It has been said if you want to hit a target, you should aim above it. This quote came to mind after the Government yesterday finally agreed to a target for a reduction in agriculture emissions.
he final figure of 25pc is almost a cliche of political compromise – it’s as if Charlie McConalogue and Eamon Ryan, exhausted after days of over and back on whether it should be 24pc or 26pc, just said, ah, let’s split it down the middle, like two farmers haggling over a pen of sheep.
No doubt it wasn’t as simple as this, with officials in both departments said to have agonised over the fine detail and its implications for the past number of months.
But what are its implications?
Well, the sun rose this morning over Ireland’s 135,000 or so farms, and little at ground level will seem to have changed.
As one official close to the talks put it, in many ways setting the target is the easy part – implementing measures to achieve it is where things get tricky.

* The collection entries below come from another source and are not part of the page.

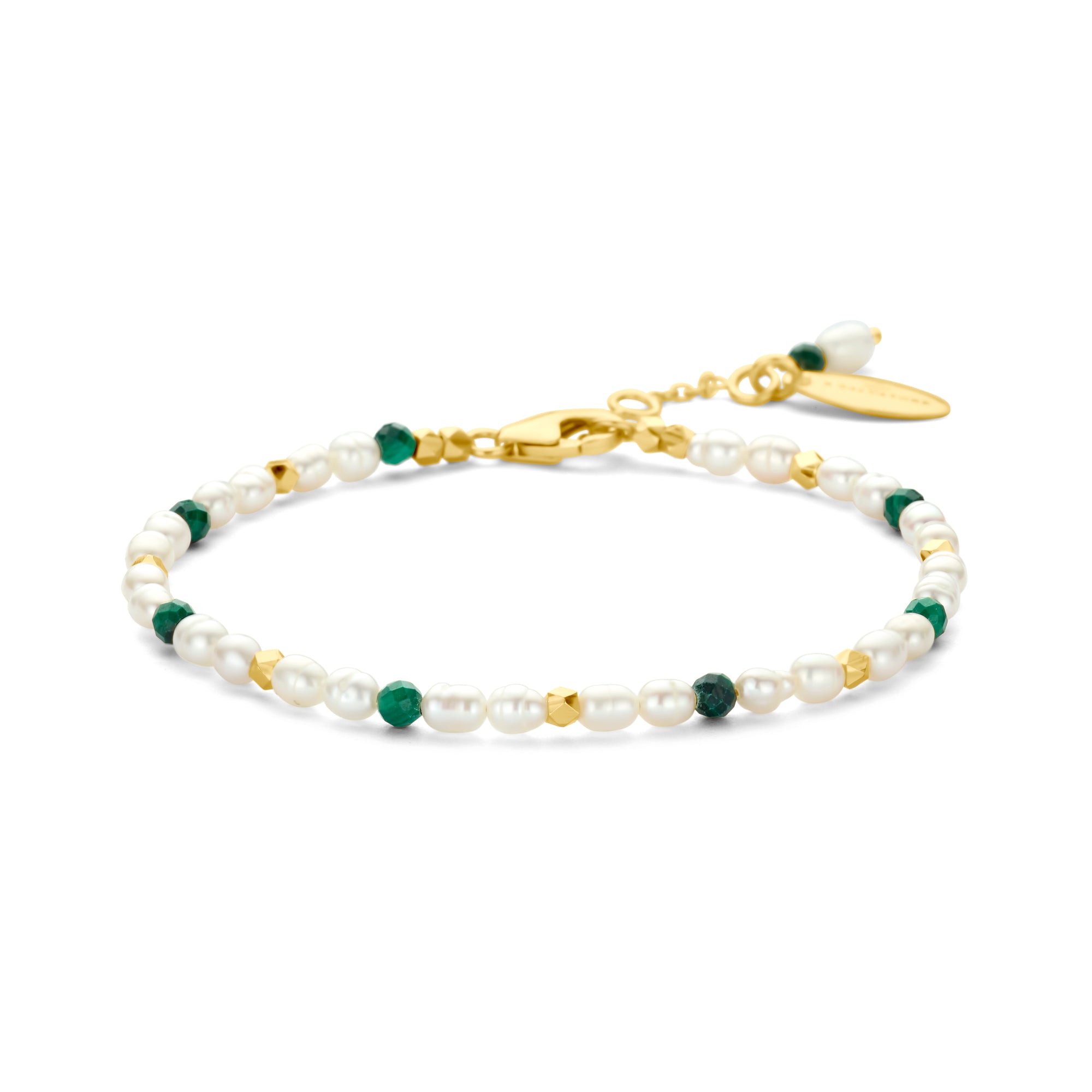 Acest colier cu margele Salvatore Plata iti va pune zambetul pe buze. Fabricate din argint 925 si placate cu aur, margelele sunt realizate din malachit si perle. Asociati bratara cu colierul asortat pentru un look complet!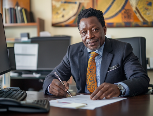a black African Art expert, 50 years old, wearing a suit, in his office, reporting an authentication case with a pen, a computer is on his table --ar 4:3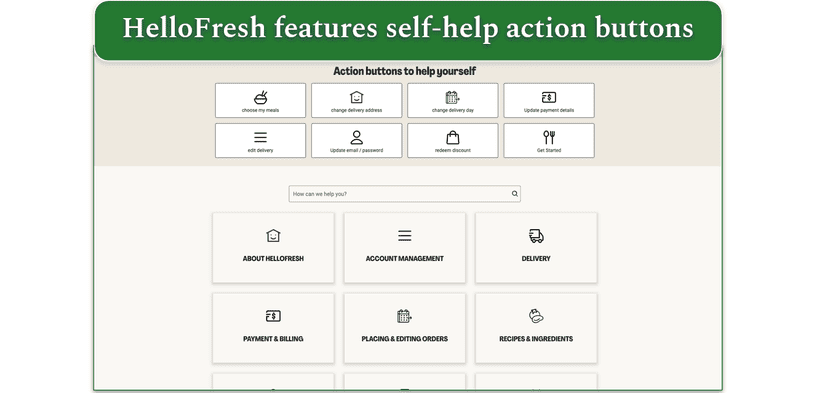 Both FAQ sections are searchable and offer well-detailed information on a wide range of topics. Also, HelloFresh features several self-help action buttons that’ll help you perform various account management tasks, such as changing your delivery address, updating payment details, or editing a delivery.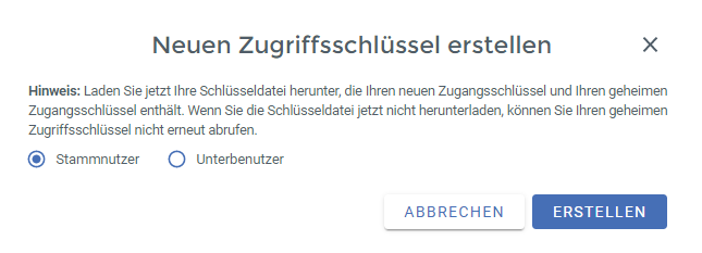 Erstellung der API-Zugriffsschlüssel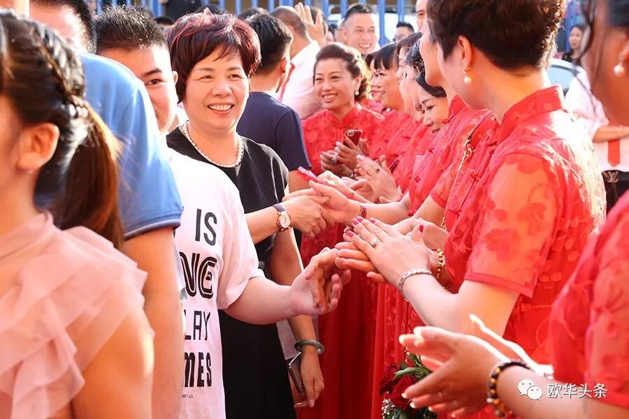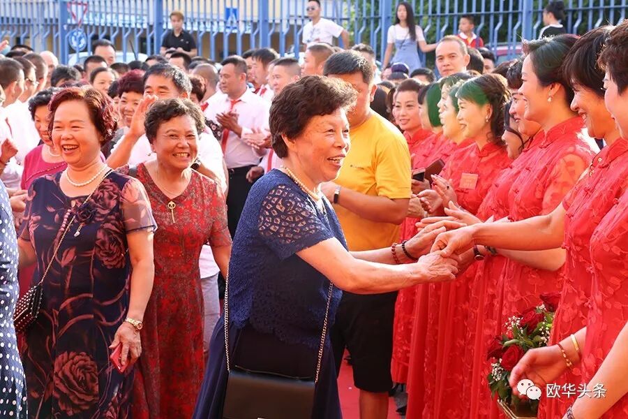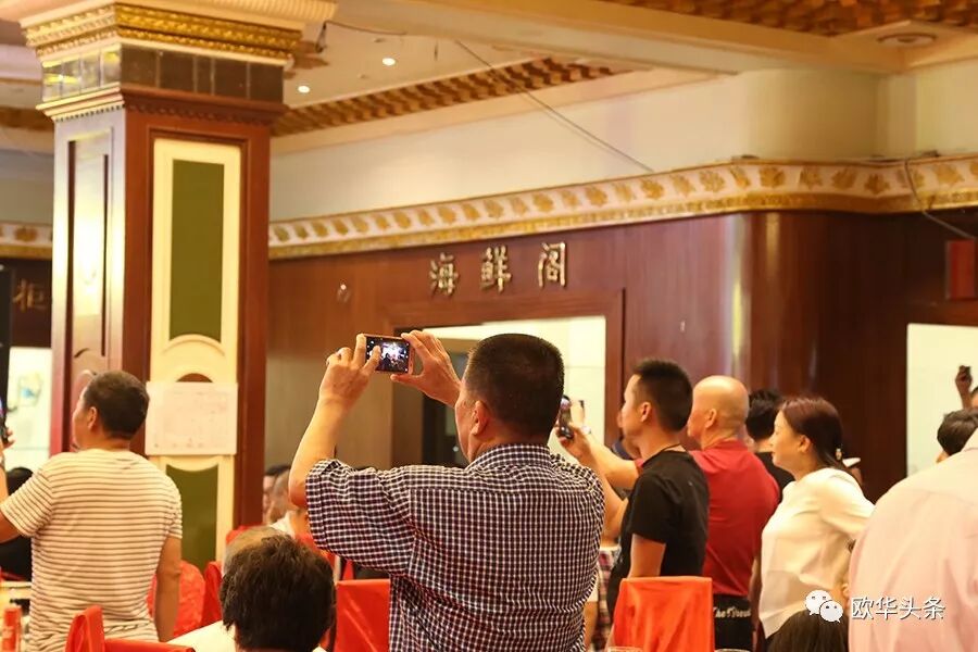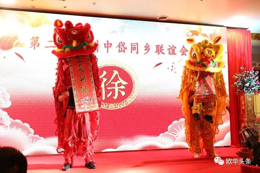 同乡会开始之前,参与嘉宾首先在华侨饭店门口集体合影留念。随后,舞狮表演开始,两头雄狮在激昂的鼓点中移步跳跃,非常喜庆热闹。乡亲们在阳光下走进饭店,重逢的欢笑声不绝于耳。就坐完毕,大屏幕播放徐氏族歌,全体起立表示尊敬和致意。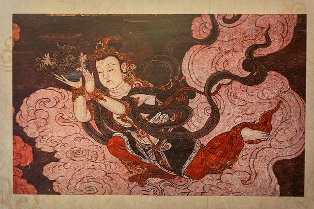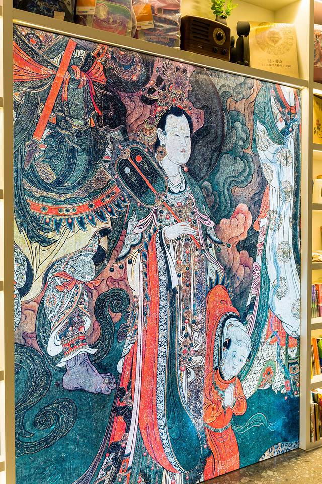 转过图书区,是阅读区和吧台。原木长条桌椅通贯,墙面配一幅 敦煌 的壁画。店并不大,幽雅而清丽。如果喜欢看书和拍照,这里不可错过。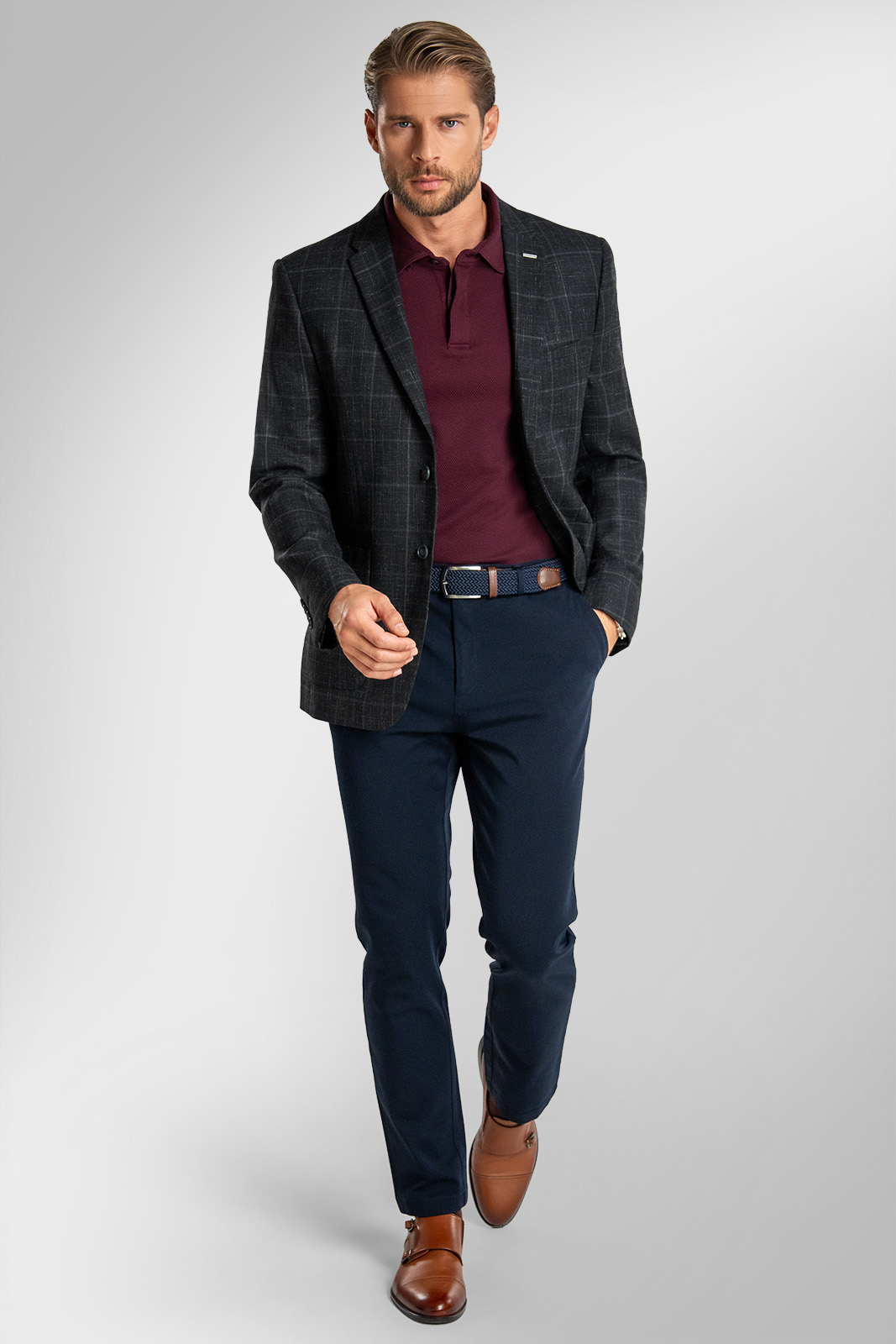 Doplňte polokošeľu FORGERTI tmavomodrými nohavicami BANDI a koženým opaskom v teplom hnedom odtieni. Vytvoríte moderný a zároveň veľmi vycibrený outfit.

The Government says it has a plan to reach the 25pc target, and there’s no doubt it has announced a series of measures that could cut emissions. These include reducing fertiliser use and changing the types of fertiliser farmers use, reducing the age at which animals are slaughtered, low-emission slurry spreading, increasing use of clover and multi-species grass swards and many more.
Progress is being made in some areas, although a drop in fertiliser usage this year is a result of soaring prices and increased regulation, while since 2010 the age at which cattle are being slaughtered has fallen by nearly two months and the majority of farmers are already using low-emission techniques to spread slurry.
Unfortunately, though, even if farmers were to meet the Department of Agriculture’s proposals set out to date, it still wouldn’t be enough to reach 25pc, assuming livestock numbers remain static.
Researchers reckon these measures might get the sector to 18pc, perhaps 20pc if everything goes to plan.
So further measures will be needed if agriculture is to get to 25pc. The department knows this and farm groups know it, even if they don’t want to hear it.
More difficult and politically toxic measures are being mooted in high-level industry committees established by Mr McConalogue over the spring.
A farm retirement scheme has been discussed, while a complex “cap and trade” model has been suggested that would assign emission production rights to individual farmers and allow farmers to trade their rights within the overall cap.
The use of feed additives that would reduce the amount of methane cattle produce is seen as the great white hope for many in the sector, with research suggesting cuts of up to 30pc are possible.
However, it’s simply too early to say whether these ideas will even become a reality, not to mind what impact they would have.
What has been missing from the debate over agriculture in recent weeks has been an understanding among the myriad commentators that farmers are not a homogenous group.
There is no such thing as a “national herd”. It will be individual actions on individual farms that will influence the sector’s emissions.
And, rather than the feared cull of this ‘national’ herd, there are many in the sector who strongly believe livestock numbers will fall in Ireland over the next decade, regardless of emissions targets.
Ireland’s farming population is ageing, the burden of farm regulation and red tape is growing more each year, farm supports are increasingly geared toward the environment rather than food production, bigger farmers are struggling to attract workers and plant-based foods are continuing to gain market share.
Sadly, come 2030, Ireland will likely be home to fewer farmers along with less livestock – a changed landscape that will no doubt play a role in reducing emissions without any heavy hand shutting down the sector.